Stuart A. Rose — Executive Chairman of the Board

Hi, Chris.

Chris Sakai — Singular Research — Analyst

Can you talk more about The Inflation Reduction Act, how is — when are you going to see benefits from that? And can you quantify how much benefits you’ll see?

Stuart A. Rose — Executive Chairman of the Board

Zafar?

Zafar Rizvi — Chief Executive Officer

I think as I mentioned earlier, specifically at this time, we’re looking at the carbon sequestration. There is so many other things are really benefits with maybe some people are looking solar, some other projects which can — energy saving projects and other which can have generate a lot of tax credit and other. But specifically looking at it, carbon sequestration, as I mentioned earlier, $50 tax credit, we were still — when we original projection, we looked at it, we were profitable and now is $85 and that will be — certainly will help us to get more profitable. As Stuart earlier mentioned, our well is also capable of taking more carbon than we can really do the carbon sequestration from our ethanol facility alone. So $85 make is easier for us to also bring it by rail or by truck or from other locations closer to us and still will be a profitable of those projects. So certainly, there is a positive impact on that tax reduction credit legislation.

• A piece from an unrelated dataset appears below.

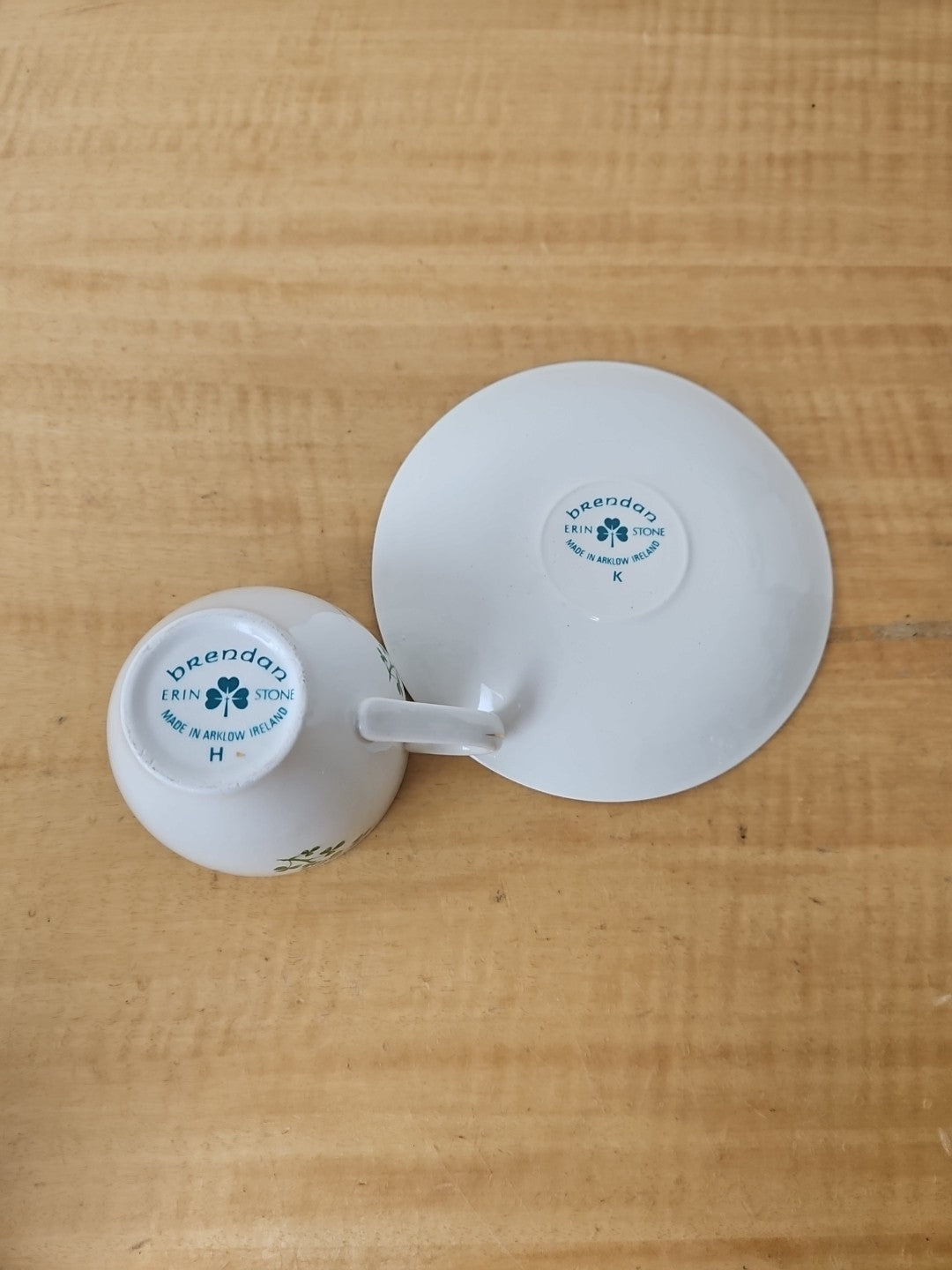 Brendan- Erin Stone- Arklow Ireland Shamrock Tea Cup & Saucer Set H, K (6 avail)

Chris Sakai — Singular Research — Analyst

All right. Thanks. And then can you talk about — are you guys seeing any more gas stations offering E15? How that’s going?

Zafar Rizvi — Chief Executive Officer

Let me say that, I was in a meeting, we have meeting with agriculture secretary [Indecipherable], I think this Monday. Yes, last week Monday and he announced there $100 million for E15 structure bill and other things. So certainly we have seen some of those in own growers, states like Iowa, Nebraska, even some part of Illinois, even Indiana, we have seen more and more people offering E15 and Iowa is also offering more tax credit and even Illinois is offering more tax credit to have — encourage E15 pumps more. And it’s certainly helping us lift some this year as it continue. Unless this E15 is available all year round then it becomes difficult. But if it’s all year around and certainly it will grow more. And with this $100 million of which the agriculture secretary announced it’s going to help us also.

Chris Sakai — Singular Research — Analyst

Okay. Thanks.

Stuart A. Rose — Executive Chairman of the Board

Thank you.

Operator

And there are no further questions on the phone lines at this time. I’ll turn the presentation back to the speakers.

Stuart A. Rose — Executive Chairman of the Board

Okay. Thank you. We’d like to thank everyone for listening and we’ll talk to you again the end of this — we’ll report the end of this quarter. Thank you very much. Bye.